Commentary: Dear Gary Payton, Shut Your Mouth
Sports often lend themselves to stupidity and craziness, and you hear a lot of both coming from professional athletes or, in the case of Gary Payton, retired athletes. But sometimes it’s best if they just shut up.
Payton would have been smart to heed such advice.
Not that Payton isn’t entitled to speak his mind; he is. But no one – I emphasize, not one person – who follows NBA hoops even casually can believe Payton found John Stockton harder to guard than Michael Jordan. If Payton were a football player, I’d say he took too many hard tackles. I prefer, however, to think of him now as a clown or as the freak in the haunted house.
Then I asked myself, Why did Payton say what he did?
In some ways, he sounded like the thousands of Jordan haters out there. They find ways to pick apart Jordan’s game, to dissect just what Jordan was about. Many of them seem to forget that he dominated the NBA like no player since Bill Russell with those Boston Celtics teams of the late 1950s and ’60s.
Even though Jordan has been retired for a decade, he remains a subject of interest, a talking point for basketball addicts. His posters still grace the dorm walls of college students and his shoes … they sell like an iPhone 5 at the Dollar Store.
Now, I know, I know, people will call me a Jordan sycophant. I’m not. I’ve long had an issue with Jordan, mostly because he priced his sneakers and swag too high for Black teenagers to afford. They bought his sneakers regardless of price tag, and those people with long memories remember when Air Jordans cost a few Black boys their lives.
Still, you can count on one hand the players who might be as good as Jordan was, and you can’t find a player – yet – who is arguably better than he was. Russell, with all his championship rings, was a team player foremost, and as good as his game was, it had limitations.
Jordan’s game had almost none, though I suspect Payton saw plenty of limitations in it if he thought the 6-foot-1 Stockton was harder to guard. Give Stockton his due; he was a gifted player. But he never elevated his game to the level the 6-foot-6 Jordan did, and how many championships did Stockton and Karl Malone bring to Utah?
Don’t bother to count them. The answer is none. For that reason alone, Payton can hardly be serious about rating Stockton’s game above Jordan’s. Only in fiction is that a reality, and it would be science fiction, a plot so far fetched it would be set in 3030.
As I thought more about what Payton said, I understood why he said it. He had been so irrelevant the past decade that he needed to say something insane to make people remember that, yes, Gary Payton was a splendid NBA player, too.
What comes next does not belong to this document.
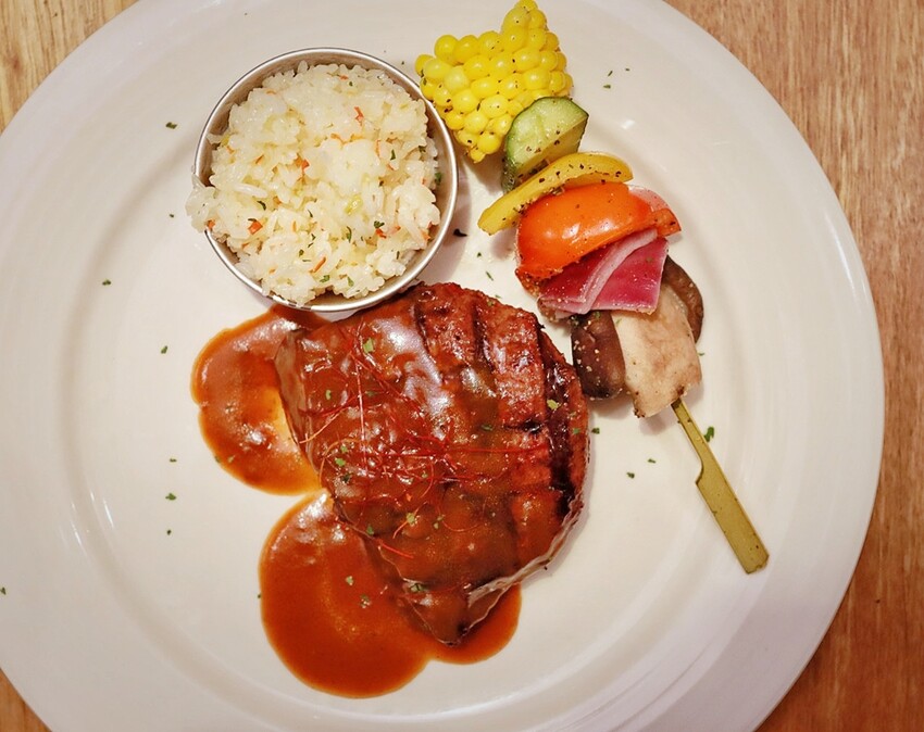 這份是大姑點給公公吃的紅酒醬汁厚切牛排,約8oz,會建議5分熟,但我們先選擇7分熟,口感還是很不錯!

Yet he didn’t have to go here, digging the depth of lunacy to find a reason for folks to mention his name again. Payton could have said a lot of other things – believable things. But to claim Stockton was harder to guard than Jordan is to compare a jalopy to a Jaguar. If that doesn’t make a person laugh, what does?
The opinions expressed here do not necessarily reflect those of BET Networks.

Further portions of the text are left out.